Quizá no sea omnipotencia, pero se le parece mucho. Los bots automatizados ya son capaces de escanear más de 36.000 vulnerabilidades por segundo para atacar a las empresas. Un reciente estudio, 2026 Cyber Protect Report, realizado por SonicWall, explica que los bots recorren internet con el objetivo de detectar fallos de seguridad en páginas web, aplicaciones y sistemas corporativos.
Otra investigación, Bad Bot 2026, llevada a cabo por Thales, identifica tres cambios importantes en el funcionamiento del tráfico de internet: el predominio de la actividad automatizada sobre la interacción humana, la aparición de los agentes de IA como una nueva categoría de tráfico y la rápida expansión de ataques dirigidos a interfaces de programación de aplicaciones (APIs) y sistemas de identidad como base de los negocios digitales. El estudio de Thales eleva al 53% el tráfico global de internet que ya no es humano.
Conciencia del riesgo
Pequeñas y grandes empresas están tomando conciencia de este riesgo. ¿Pero existe el mismo peligro para la defensa y las estructuras críticas? Martín Trullás, director de Soluciones Avanzadas de Ingram Micro España, señala a Escudo Digital que “aunque el impacto potencial es mucho mayor que en una empresa convencional, el modus operandi de actuación es muy parecido”. “Y no se busca lo mismo: el daño reputacional o parar sistemas de salud o comunicaciones aparecen entre sus objetivos. Esto obliga a que disponer de muchas más capas de seguridad”, añade.

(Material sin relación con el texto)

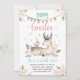 Laden Sie Ihre Freunde ein, Ihr kleines wild irgendjemandes Geburtstag mit dieser niedlichen Rotwildgeburtstagseinladung zu feiern, die Rotwild, einen Vogel und hübschen Blumen kennzeichnet.

Para hacer frente a la plaga de bots automatizados no vale con una medida, conviene integrar varias defensas, aclara: “Filtrado de IP, bloqueo de rangos de centro de datos, monitorización de cambios de comportamiento y anomalías, gestión de identidades y credenciales”.
Las fórmulas son parecidas, aunque dependen en gran medida de la criticidad del sector, donde se aplican políticas más restrictivas por tener más posibilidades de intrusión. La inversión que debe realizarse va en función del tamaño de la organización. “Se trata de adecuar la política de la compañía al tipo de ataque que se está esperando, con un modelo predictivo que anticipe las amenazas”, sostiene Trullás.
¿Pueden ser las pymes la principal diana de los cibermalos? Según Trullás, “el mayor peligro que existe ahora mismo sobre cualquier empresa es el propio usuario si carece de herramientas de concienciación y formación. Se trata del punto más débil de la cadena”. Advierte el experto, no obstante, de que el vector de entrada más conocido sigue siendo el phishing. Y el ransomware, una de las principales amenazas para todo tipo de empresas.
Las últimas soluciones en ciberseguridad pasan por trabajar en plataforma para dar una respuesta completa. “El foco está en la gestión de identidades”, subraya.